### Task to carry out
The answer should be an exact repeat of the stretch of material below from the line containing "Add a dash of" through the line containing "Front: RUSEAMILD BROS".

### Data supplied
=== Begin Enclosure ===

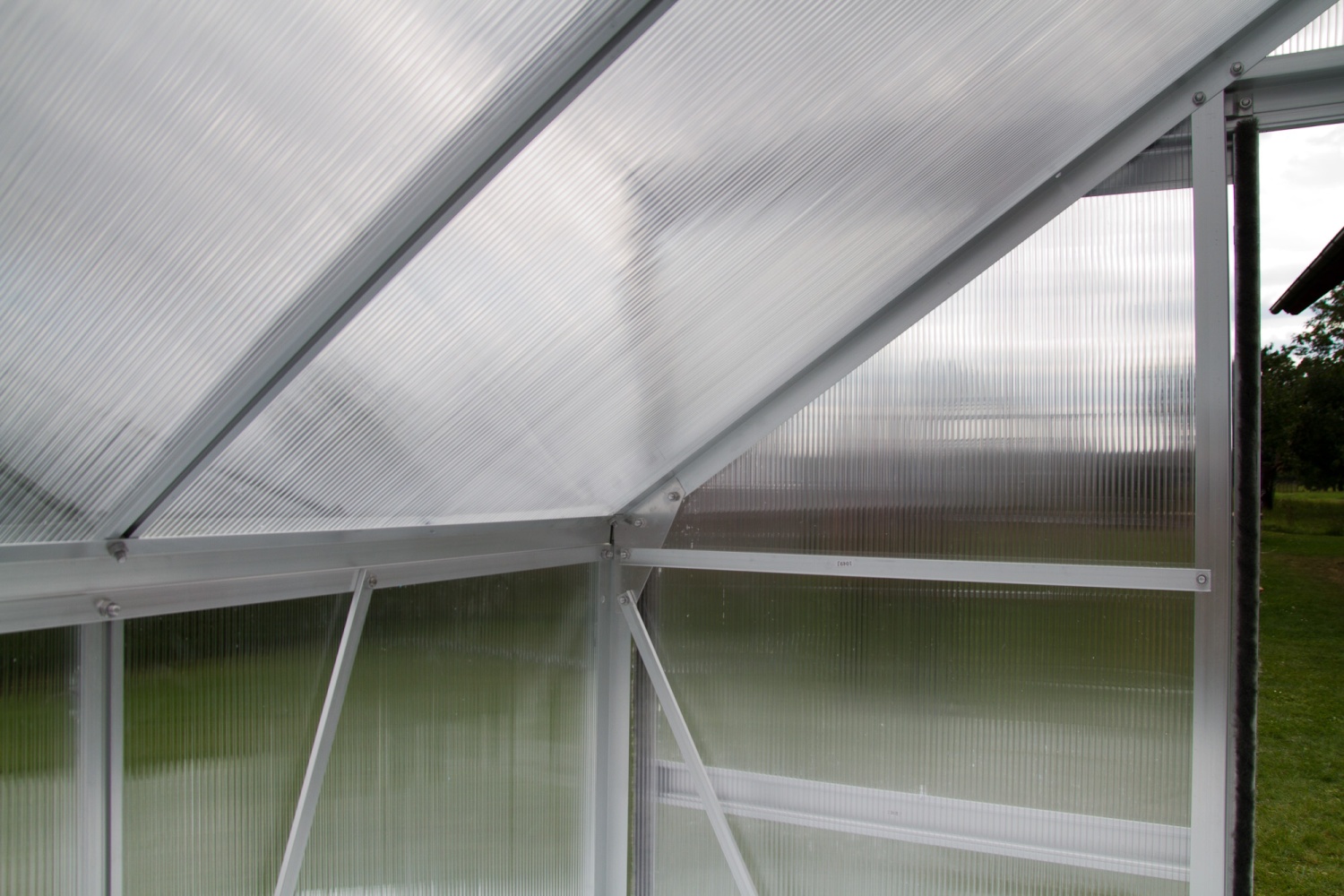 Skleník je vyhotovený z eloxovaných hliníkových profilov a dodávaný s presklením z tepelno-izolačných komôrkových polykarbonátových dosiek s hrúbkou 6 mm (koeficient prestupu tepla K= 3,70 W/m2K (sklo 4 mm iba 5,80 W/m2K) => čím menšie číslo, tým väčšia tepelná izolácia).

=== End Enclosure ===
=== Begin Enclosure ===

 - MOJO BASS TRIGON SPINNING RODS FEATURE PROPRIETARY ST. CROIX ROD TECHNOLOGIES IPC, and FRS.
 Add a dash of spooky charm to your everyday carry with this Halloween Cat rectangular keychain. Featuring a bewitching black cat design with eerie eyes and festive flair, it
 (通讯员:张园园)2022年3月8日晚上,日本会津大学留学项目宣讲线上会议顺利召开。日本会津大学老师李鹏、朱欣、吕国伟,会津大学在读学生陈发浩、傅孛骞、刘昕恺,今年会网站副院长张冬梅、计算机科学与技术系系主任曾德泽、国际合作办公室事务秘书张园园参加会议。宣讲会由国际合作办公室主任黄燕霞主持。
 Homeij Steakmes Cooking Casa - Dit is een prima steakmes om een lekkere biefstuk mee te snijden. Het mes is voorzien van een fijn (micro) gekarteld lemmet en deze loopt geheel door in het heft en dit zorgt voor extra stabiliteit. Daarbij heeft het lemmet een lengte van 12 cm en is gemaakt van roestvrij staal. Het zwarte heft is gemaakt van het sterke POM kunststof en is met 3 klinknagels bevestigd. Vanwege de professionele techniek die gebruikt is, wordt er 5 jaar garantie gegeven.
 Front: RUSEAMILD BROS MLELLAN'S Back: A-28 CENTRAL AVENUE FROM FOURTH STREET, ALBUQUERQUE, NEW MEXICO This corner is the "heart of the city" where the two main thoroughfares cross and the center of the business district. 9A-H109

=== End Enclosure ===

### Exercise solution
 Add a dash of spooky charm to your everyday carry with this Halloween Cat rectangular keychain. Featuring a bewitching black cat design with eerie eyes and festive flair, it
 (通讯员:张园园)2022年3月8日晚上,日本会津大学留学项目宣讲线上会议顺利召开。日本会津大学老师李鹏、朱欣、吕国伟,会津大学在读学生陈发浩、傅孛骞、刘昕恺,今年会网站副院长张冬梅、计算机科学与技术系系主任曾德泽、国际合作办公室事务秘书张园园参加会议。宣讲会由国际合作办公室主任黄燕霞主持。
 Homeij Steakmes Cooking Casa - Dit is een prima steakmes om een lekkere biefstuk mee te snijden. Het mes is voorzien van een fijn (micro) gekarteld lemmet en deze loopt geheel door in het heft en dit zorgt voor extra stabiliteit. Daarbij heeft het lemmet een lengte van 12 cm en is gemaakt van roestvrij staal. Het zwarte heft is gemaakt van het sterke POM kunststof en is met 3 klinknagels bevestigd. Vanwege de professionele techniek die gebruikt is, wordt er 5 jaar garantie gegeven.
 Front: RUSEAMILD BROS MLELLAN'S Back: A-28 CENTRAL AVENUE FROM FOURTH STREET, ALBUQUERQUE, NEW MEXICO This corner is the "heart of the city" where the two main thoroughfares cross and the center of the business district. 9A-H109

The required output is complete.